- Opening Delimiter -

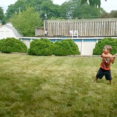 A young boy misses hitting a large water balloon with a bat. The balloon hits him and knocks the boy down in slow motion. AA: Super Slo-Mo Water Balloon
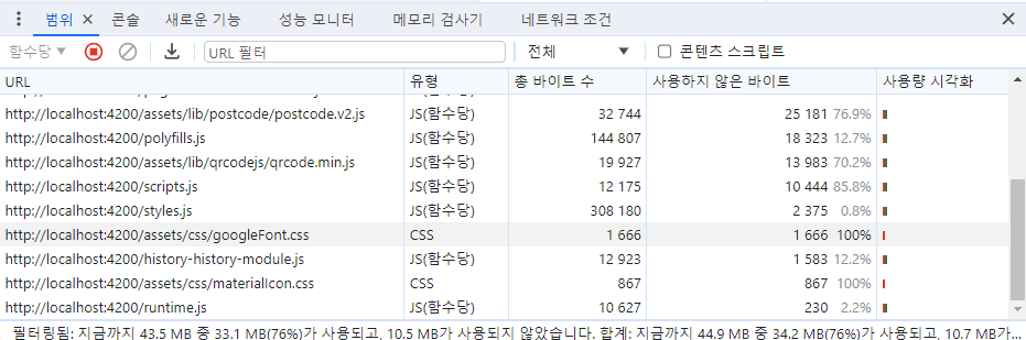 - 특정 파일에서 극히 일부의 코드만 실행되어 퍼센티지가 낮다면 불필요한 코드가 많음.
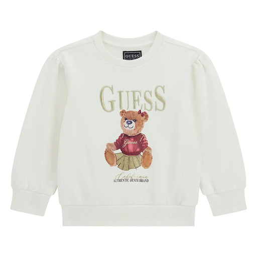 Girl's round neck sweatshirt from Guess, in cream white with a large silver rhinestone logo across the chest. Crafted from 100% cotton. Code: j5yq09
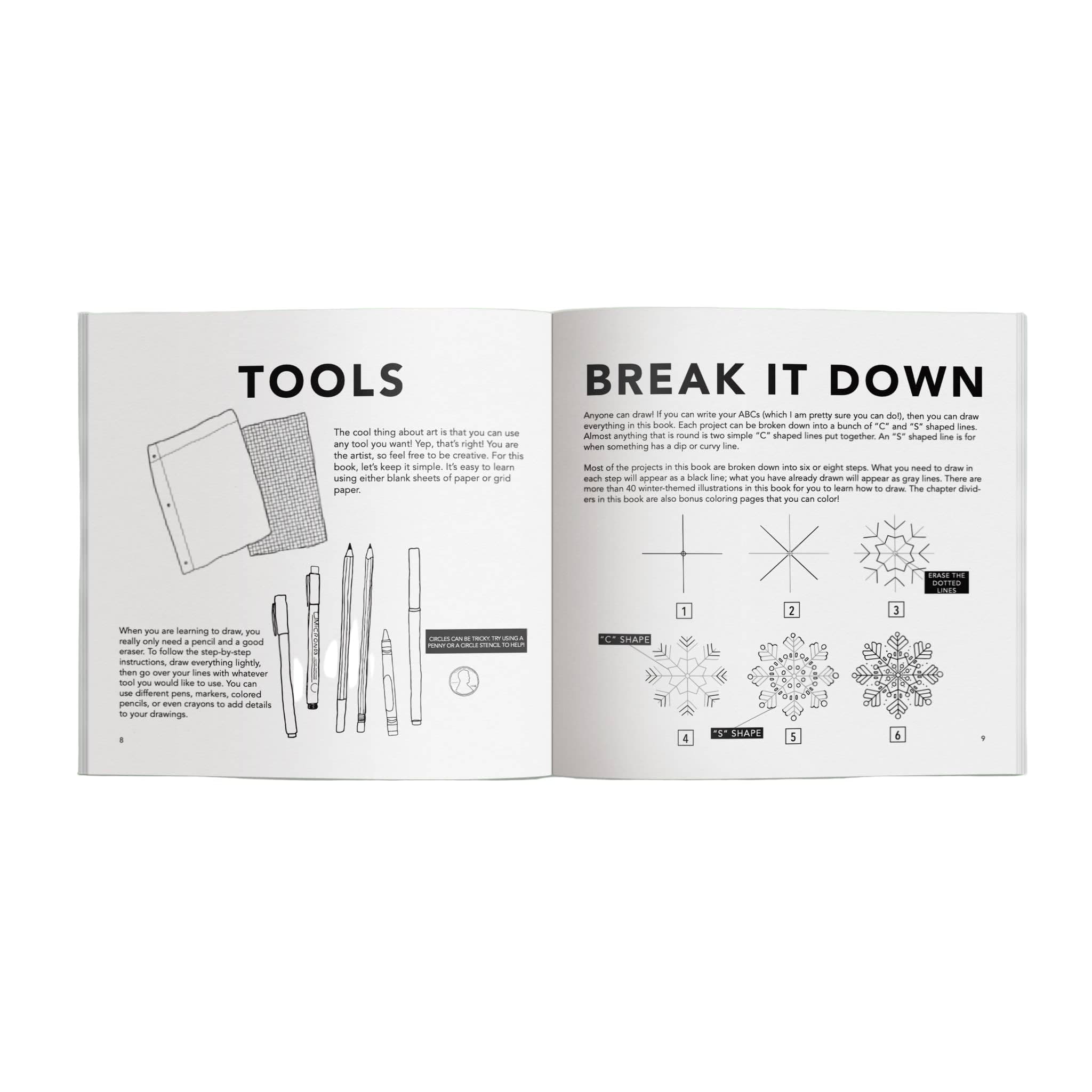 A festive addition to your holiday gift inventory, this winter-themed drawing book offers 5-minute art lessons that are perfect for kids ages 5–12. From bestselling artist Alli Koch, this title makes it easy for young artists to build drawing skills while having fun—no experience required. Great for art class, snow days, or stocking stuffers!
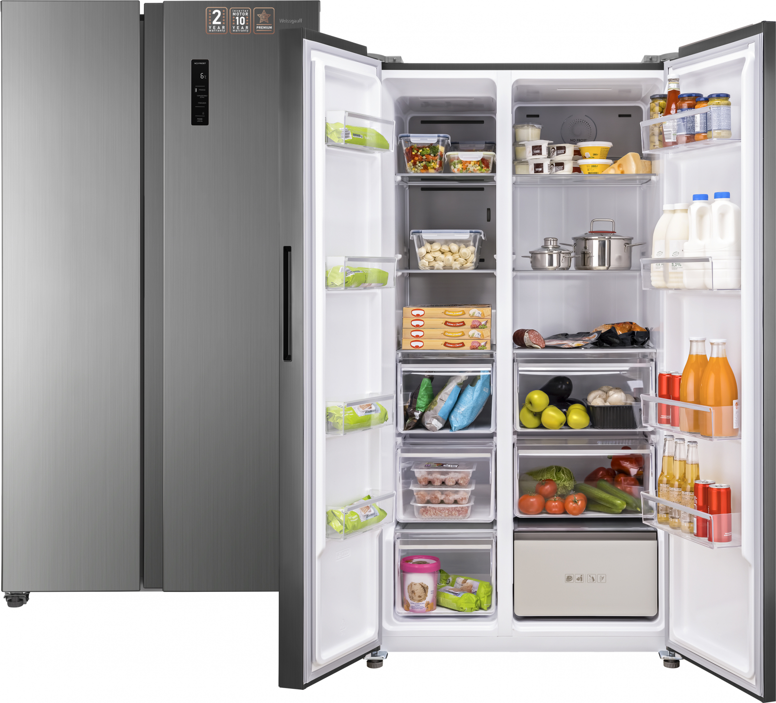 Отдельностоящий холодильник Weissgauff, выполненный в современном европейском дизайне Side-by-Side в цвете "нержавеющая сталь", обладающий конвертируемой зоной, полной системой размораживания Full No Frost и полностью электронным управлением - это соотношение фантастической вместительности, безупречной эргономики внутреннего пространства, технологического совершенства и великолепного дизайна!
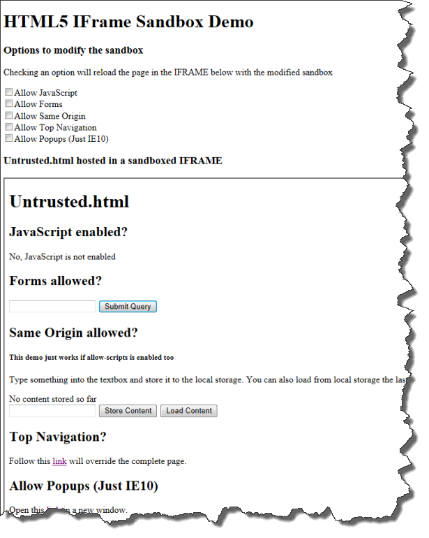Let’s begin by applying the sandbox. Just add it as empty attribute to the IFRAME element: That’s it! Now, IFRAME sandboxed content is re-hosted in the browser with the following restrictions:
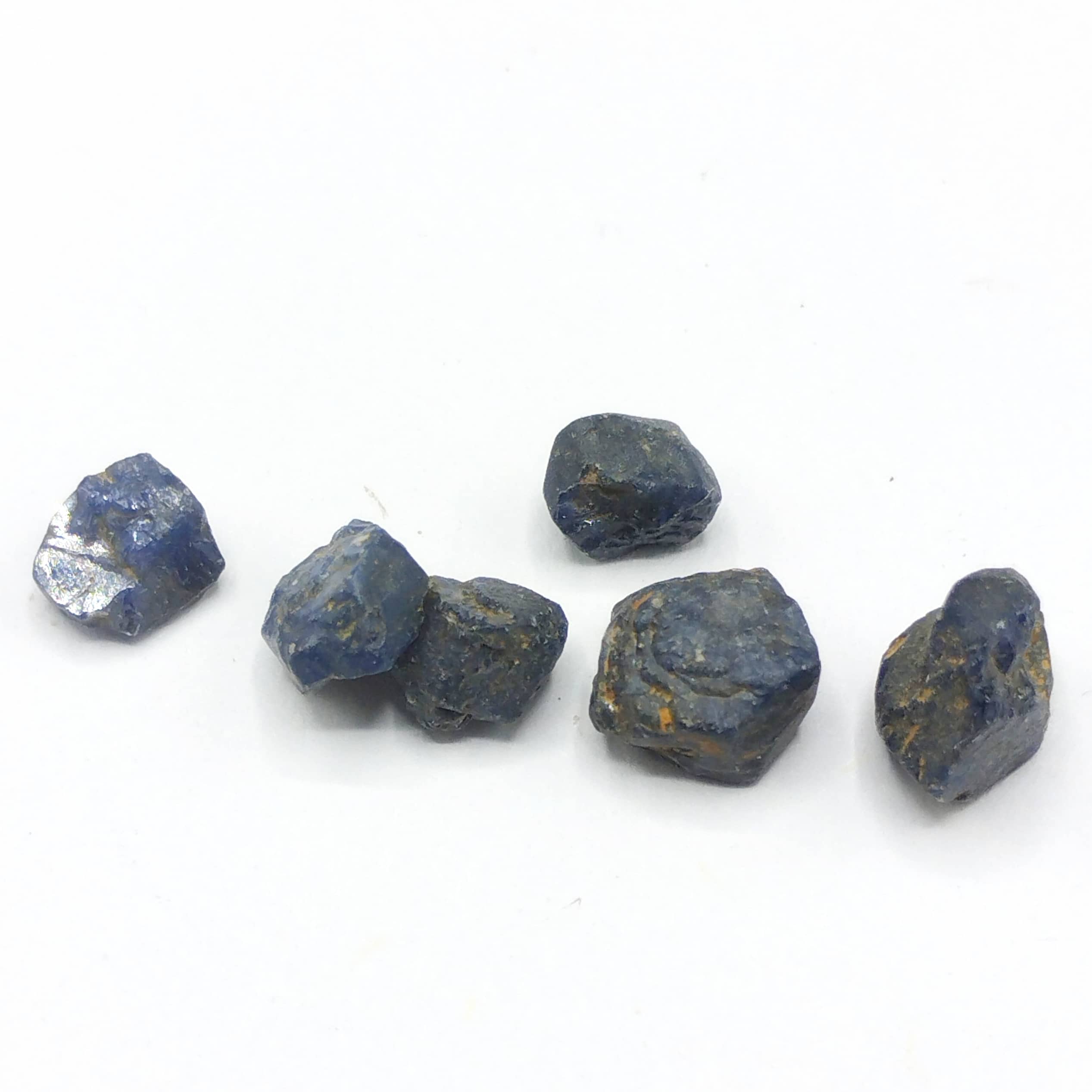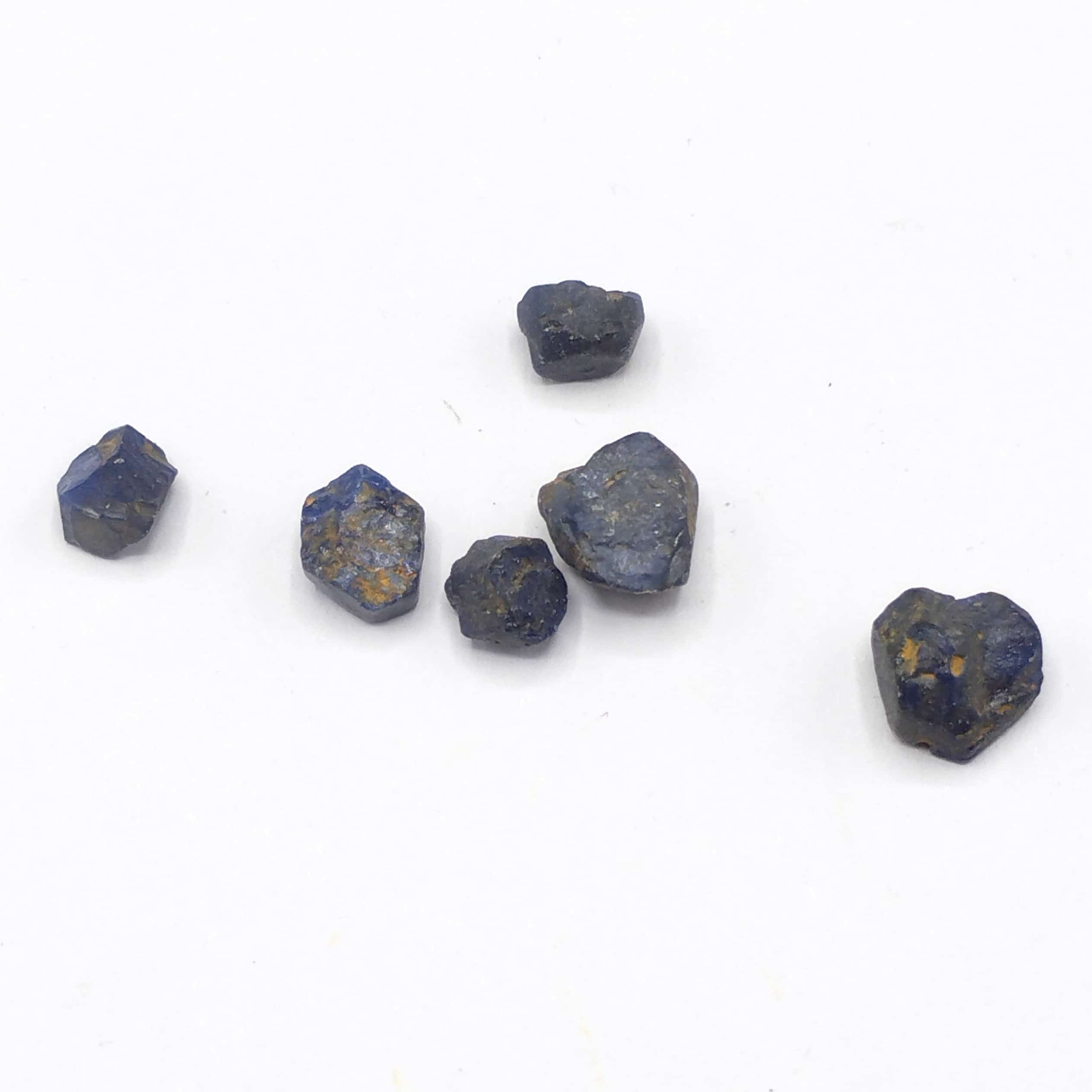 Lot de 6 cristaux de saphir (la variété bleue du corindon) d’une remarquable couleur bleue en provenance de la région de Salukwango, en province de Kivu, au Congo RDC.
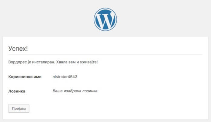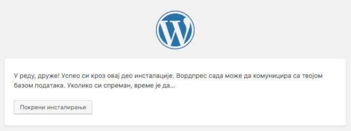 A ovo je potvrda o uspešnoj instalaciji WordPressa.
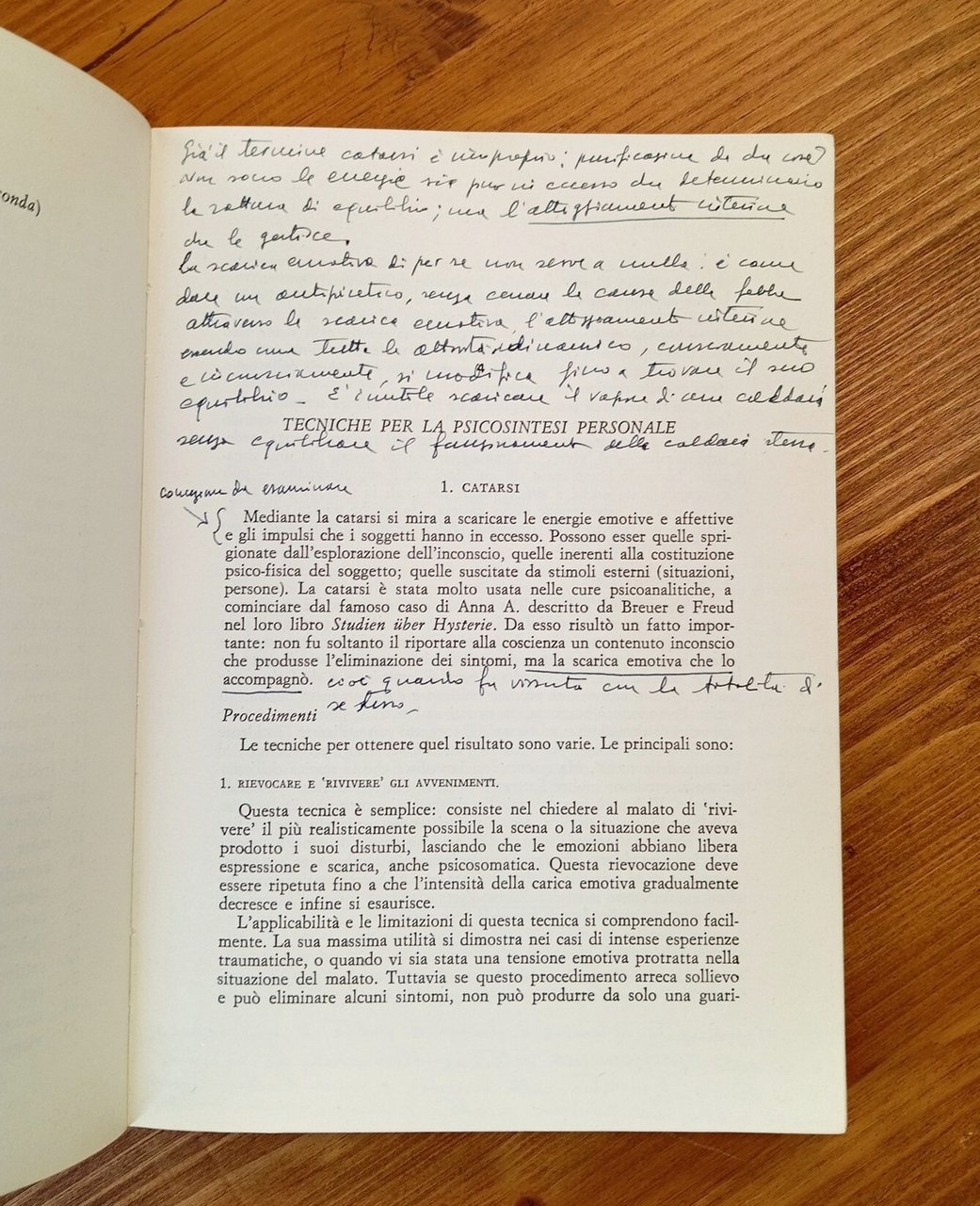 Prima edizione italiana. Collana "Psiche e coscienza" - Brossura editoriale di 276 pagine. Segni d'uso al dorso, diffuse sottolineature e postille a matita e a penna; copia per il solo studio -- La psicosintesi, come indica il suo nome, ha per scopo di unificare in una sintesi armonica tutti gli aspetti della personalità umana (fisico, emotivo, mentale e spirituale) sia consci che inconsci. Per farlo impiega numerose tecniche psicologiche (più di quaranta) combinate in vari metodi ed esercizi. Fra quelle più usate, ampiamente descritte in questo libro, vi sono: la catarsi; la trasformazione e la sublimazione delle energie psichiche; varie tecniche immaginative; l'attivazione e l'uso della volontà e delle funzioni transpersonali; la disidentificazione e l'autoidentificazione. Il suo campo d'azione originario e principale è quello medico, cioè la cura dei disturbi neuropsichici e psicosomatici. Inoltre, è stata ed è sempre più usata nel campo educativo, tanto famigliare quanto scolastico. Infine, si presta ad applicazioni interindividuali e sociali, dalla psicosintesi della coppia e del gruppo famigliare a quella di ogni genere di comunità, fino ad includere l'intera umanità. In questo libro, che ha avuto una precedente edizione in inglese (New York, 1965 Hobbs Dorman and Co.) Assagioli espone i principi, i metodi e le tecniche della psicosintesi.
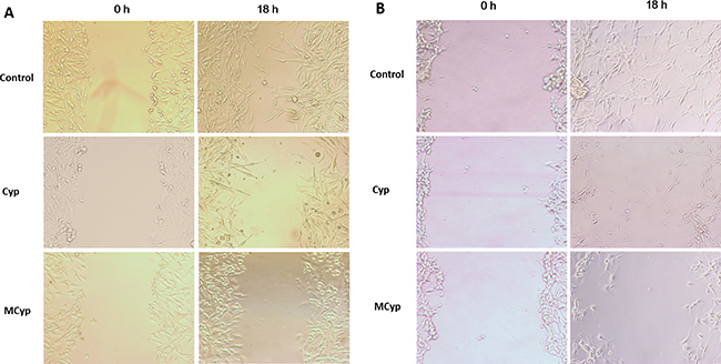 Figure 3: Representative images of the wound healing assay at 0 and 18 h for DBTRG-05MG (A) and U87MG (B) cells. The final concentration of Cyp was 5 μM.

- Closing Delimiter -

● WORK ORDER: In the data above, find the line with "Lot de 6 cristaux" and the line with "A ovo je potvrda". Please copy exactly those two lines and every line between them, but not the pictures.

● OUTPUT FOR THIS TASK:
 Lot de 6 cristaux de saphir (la variété bleue du corindon) d’une remarquable couleur bleue en provenance de la région de Salukwango, en province de Kivu, au Congo RDC.
 A ovo je potvrda o uspešnoj instalaciji WordPressa.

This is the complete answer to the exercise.